The Seat of the Arbitration: An Empirical Study of Its Meaning and Relevance in International Commercial Arbitration - WAMR - 2019 Vol. 13, No. 4
Originally from World Arbitration and Mediation Review (WAMR)
Due to substantial growth in international trade and foreign investments, commercial transactions have become more complex. This complexity demands legal certainty along with judicial expertise on the subject matter of the dispute, quick resolution, forum neutrality, party autonomy and confidentiality. For these reasons arbitration has now become the preferred method for domestic as well as international dispute resolution between states, corporations and individuals.
The field of international arbitration has seen tremendous development in the last three decades, even in those countries where it has long been in practice, such as the United States. Although there are numerous benefits to choosing arbitration over other methods of dispute resolution, it still lacks the deserved attention.

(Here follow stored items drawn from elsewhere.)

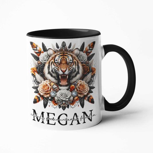 Wild Tiger Floral Drinkware Collection: Personalised Mugs in 11oz/15oz, 20oz Insulated Tumblers, MDF Coasters - Exotic Gifts for Wildlife Enthusiasts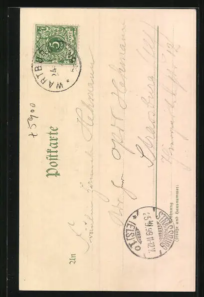 alte Ansichtskarte, gelaufen 1899, guter Zustand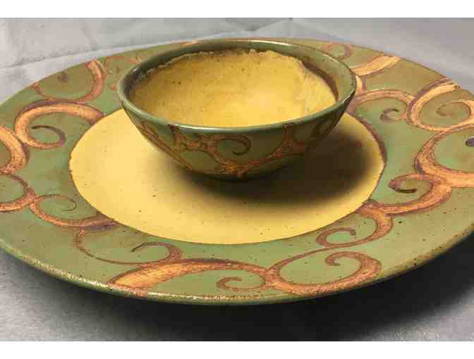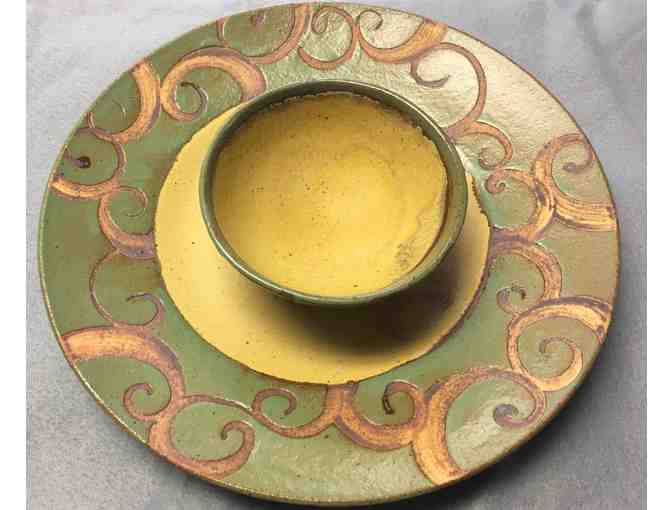 This Chip & Dip pottery set was made by a Philadelphia artist, Liz Kinder Pottery. The Celadon green and Sunflower yellow are sure to complement any decor.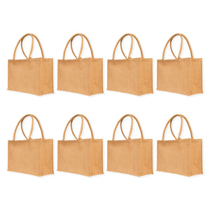 Natural Jute Tote Bags – Reusable & Stylish for DIY, Weddings, Groceries, Beach Trips & Promotions (Packs of 8)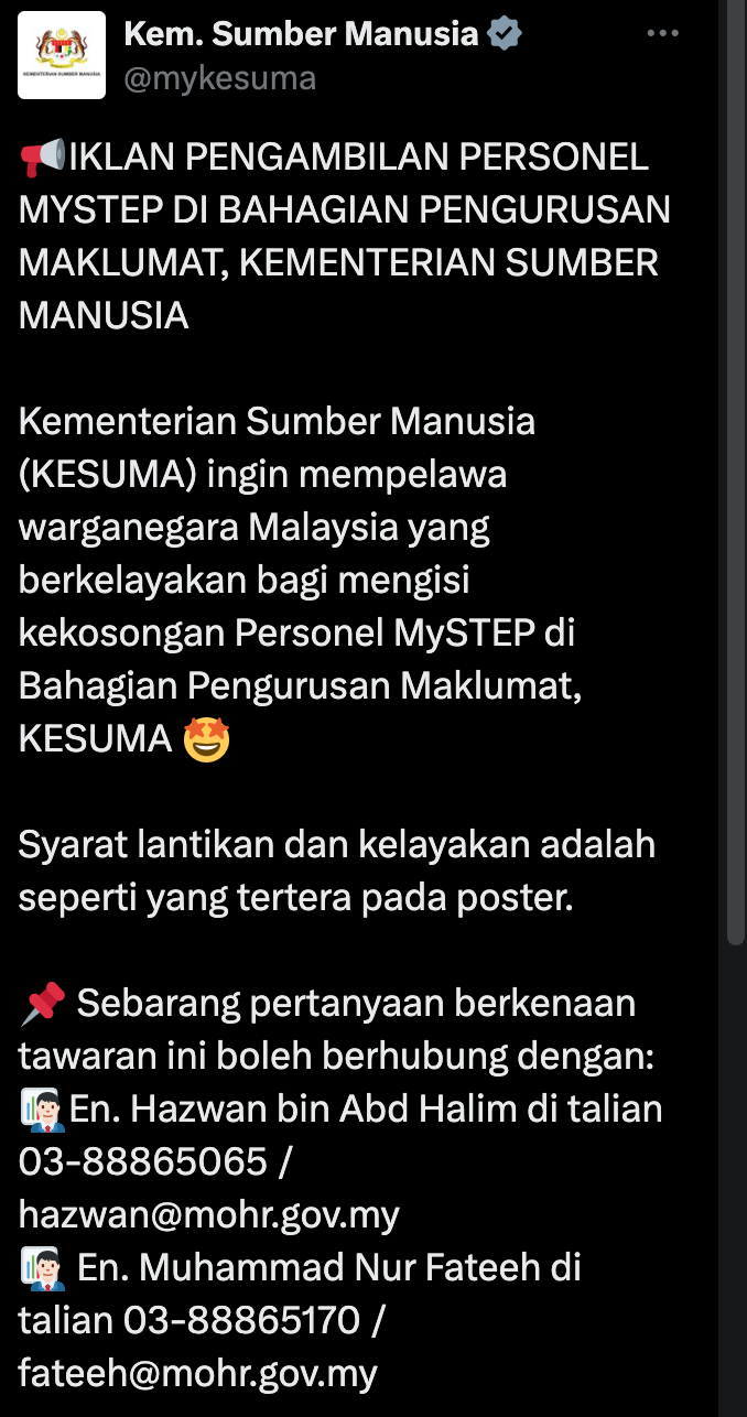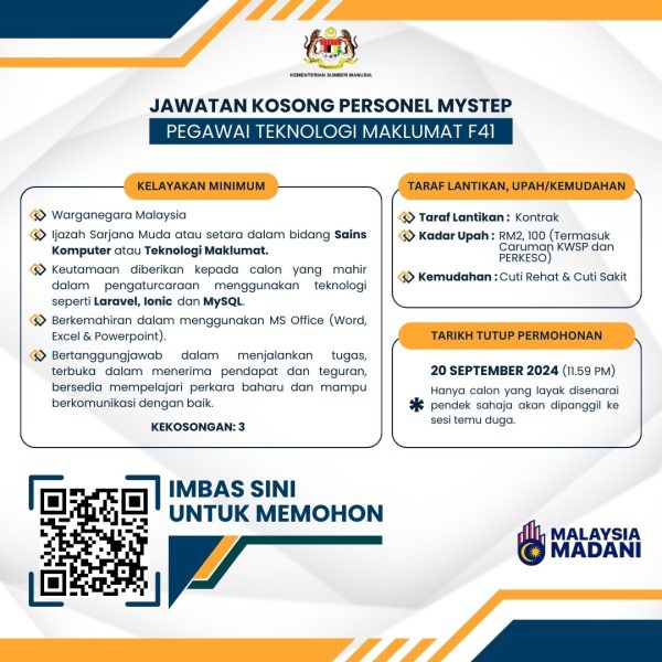 Iklan Kini Jawatan Kosong Terkini Kementerian Sumber Manusia Like serta Ikut Facebook Kami, follow Chanel WhatsApp Jawatan Kosong & Telegram Portal SPA9 untuk capaian pantas kekosongan jawatan daripada kami sekarang.

Lawyers, while drafting the arbitration agreements, often overlook the importance of certain provisions of the arbitration clauses. Arbitration clauses are commonly referred to as “Midnight Clauses” as they are usually drafted late at night or when all other provisions of the contract are completed.

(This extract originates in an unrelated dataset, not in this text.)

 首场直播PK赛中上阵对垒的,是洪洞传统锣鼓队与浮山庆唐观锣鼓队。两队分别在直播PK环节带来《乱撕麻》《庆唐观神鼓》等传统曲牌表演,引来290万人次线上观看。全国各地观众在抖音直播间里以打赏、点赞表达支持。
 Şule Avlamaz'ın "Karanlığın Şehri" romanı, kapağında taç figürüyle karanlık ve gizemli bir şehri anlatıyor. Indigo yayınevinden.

This paper begins by briefly discussing the dispute resolution process in international commercial transactions, and the meaning and scope of arbitration in international commercial disputes. A critical issue in any international arbitration is the location of the arbitral seat (or place of arbitration). There are practical and legal consequences flowing from the selection of the seat of the arbitration. This makes the decision of choosing the seat, one of the most important aspects of any international arbitration agreement, forcing the parties to choose it carefully. Some of the matters affected by the choice of the arbitral seat can be relatively mundane like convenience and costs (e.g., technical support, accommodations, transportation connections). However, the choice of the arbitral seat’s most important consequence is the applicability of the law of that place to the arbitral proceedings. The applicability of the law of the seat to the arbitral proceedings is known as “the territorial approach” in international arbitration.

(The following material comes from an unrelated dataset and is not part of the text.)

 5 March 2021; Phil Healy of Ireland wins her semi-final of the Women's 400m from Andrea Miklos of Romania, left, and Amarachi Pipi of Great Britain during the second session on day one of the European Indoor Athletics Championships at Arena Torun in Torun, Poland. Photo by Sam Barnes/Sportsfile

The territorial scope of national arbitration legislation is fundamental to the international arbitral process. The choice of a particular place of arbitration may have important and unintended consequences. This is because the law of that place may confer powers on the courts or the arbitrators that the parties did not intend. Choosing the wrong seat can severely delay or prove to be adverse for the arbitration proceedings. It may also lead to other problems such as, inter alia, the risk of parallel court proceedings or the award being challenged on broad grounds in local courts. This would defeat the parties’ objective and the purpose of arbitration as the preferred means of resolving the dispute(s). The latter part of this paper focuses upon the consequences that flow from the selection of the seat and the scope of intervention of national courts at the seat.